De facto, a famosa personagem do profeta Isaías (cap. 42) que era conhecido como “o servo sofredor”, um homem justo que foi perseguido e que sofreu injustamente até ser morto, não tinha nada que ver com o Messias que havia de vir libertar o povo de Deus. No tempo de Jesus, todos pensavam que o Messias e o Servo fossem duas personagens muito diferentes. Um Messias derrotado seria um impostor, e não o libertador que Deus mandava ao seu povo.
Mas o peregrino misterioso entendia as coisas de outra maneira. Diz São Lucas que ele começou a lembrar-lhes todos os excertos que nas Escrituras se referiam a esse mistério. Mas no Antigo Testamento, um Messias sofredor não existe. Então, que queria dizer Jesus?
Ele já tinha deixado umas dicas, aqui e ali, durante aqueles três anos a calcorrear os caminhos da Palestina. Um dia, por exemplo, Jesus tinha parado para descansar junto ao poço de Jacob, e a uma senhora samaritana que ali viera buscar água, ele disse-lhe com palavras claras: «Esse Messias sou eu, que estou a falar contigo» (Jo 4, 26). Noutro dia, para grande confusão dos discípulos, tinha dito: «O filho do homem [esta pessoa que está aqui agora a falar convosco], deve sofrer muito... vai ser morto...» (Mc 8,31). O escândalo foi tal que Pedro começou a repreendê-lo, tentando lembrar-lhe que o caminho do Messias era a vitória, não o sofrimento.
Jesus tinha os pés na terra e sabia que o caminho do amor é exigente, e quanto maior é o amor, mais a vida se vive como um dom ao serviço dos outros. Jesus tinha no seu coração o amor do próprio Deus: «Como o meu Pai me amou, também eu vos amei» (Jo 15,9). Impossível imaginar um amor maior do que esse. Foi por isso que ele disse um dia: «Não há amor maior do que dar a vida pelos seus amigos» (Jo 15,13).
Olhamos para Jesus e começamos a compreender: Deus liberta amando, e ama dando a própria vida. Se o amor é total, a doação de si também é total. A cruz mostra-nos isso mesmo.
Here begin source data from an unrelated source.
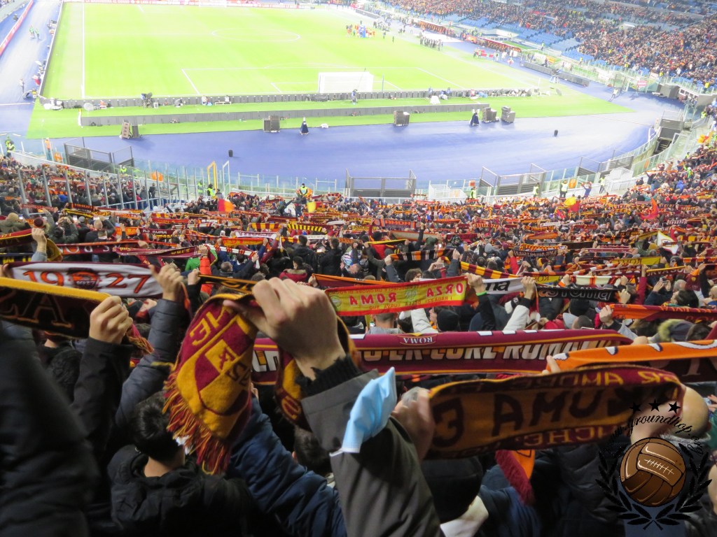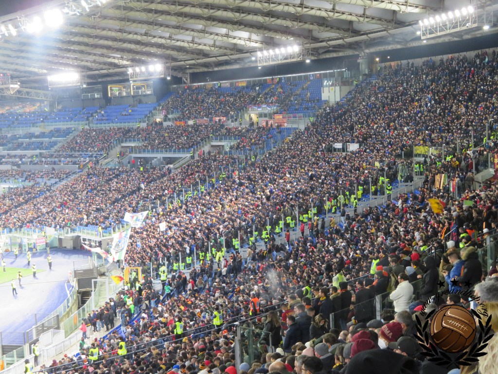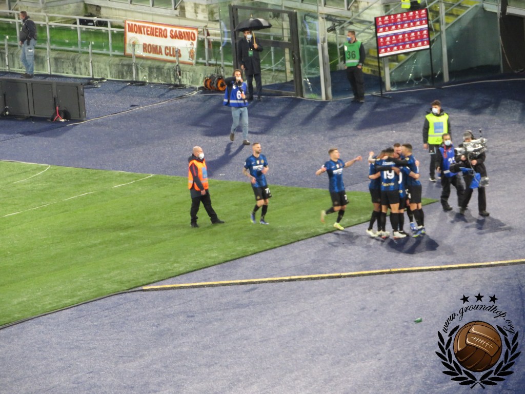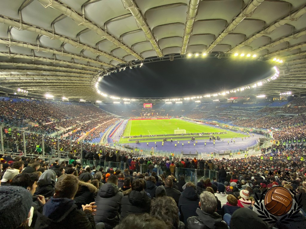 We zijn ruim op tijd bij het Stadio Olimpico en dat is maar goed ook. We zijn wel wat gewent qua controles vanuit Buenos Aires, maar de Italianen kunnen er ook wat van. Vijf controles moesten we door voordat we het stadion konden betreden: eenmaal de Coronacontrole, tweemaal een fouillering en tweemaal een check op toegangsbewijs + identificatie. Het kost wat moeite, maar dan heb je ook wat. Een topper in de Serie A in een goed gevuld Stadio Olimpico. Enkel in de vakken waarvan de kaarten rond de €100 lagen blijven stoeltjes leeg. Ook Inter is met een groot uitvak ook massaal aanwezig.
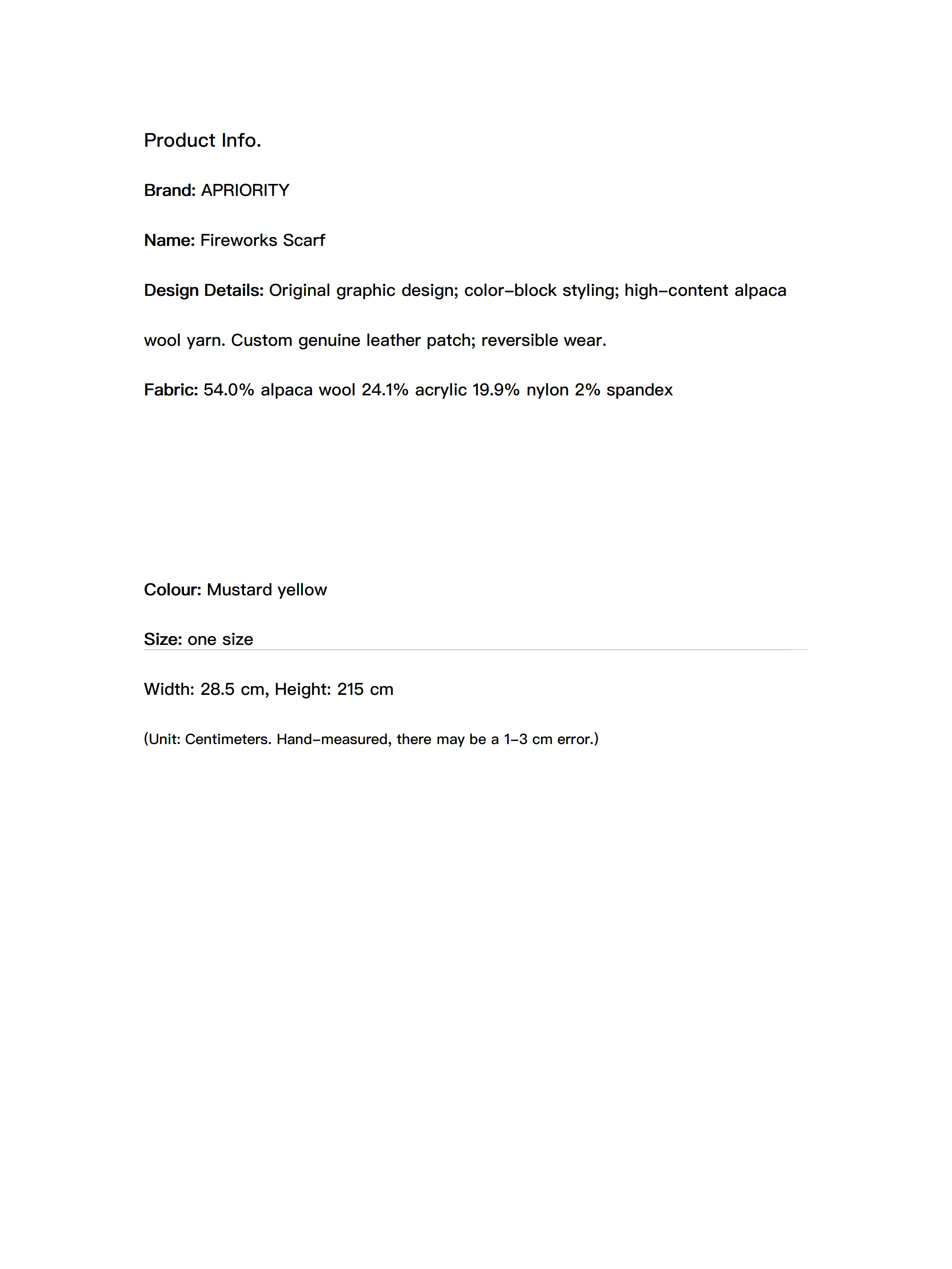 Original graphic design; color-block styling; high-content alpaca wool yarn. Custom genuine leather patch; reversible wear.
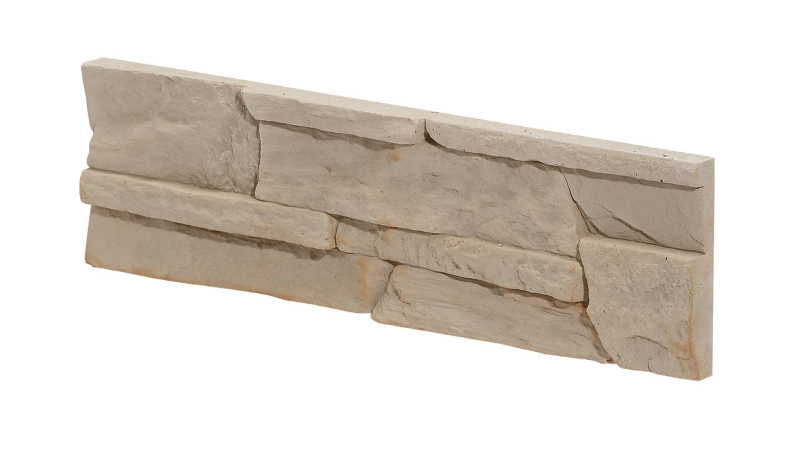 Mrazuvzdorné. Obklad vo farbe beige av imitácii kameňa a hrúbke 22 mm s reliéfnym povrchom. Vhodné do interiéru aj exteriéru.

Os dois discípulos que caminhavam para Emaús levaram tempo a entender: com a ajuda do terceiro peregrino, foram lembrando o que já conheciam das Escrituras e foram vendo como na história de Jesus convergiam e se realizavam as duas figuras antigas do Servo Sofredor e do Messias Libertador.
O Messias, libertador enviado por Deus, aceita partilhar tudo da nossa vida, até às últimas consequências que são o sofrimento e a morte; mas o Amor que tem no coração leva-o a viver isso tudo como um «dar a vida pelos seus amigos». Com a força de Deus, até o sofrimento e a morte se tornam expressão de uma vida doada com amor. É dessa primeira vitória que vão nascer todas as outras vitórias dos amigos de Jesus, porque Ele agora está vivo e caminha connosco.
A Sua presença connosco é fortíssima, de uma maneira ou de outra, vence sempre!
É Ele que nos ensina o caminho para a vitória autêntica: a transformação da vida de muitos na direcção do amor.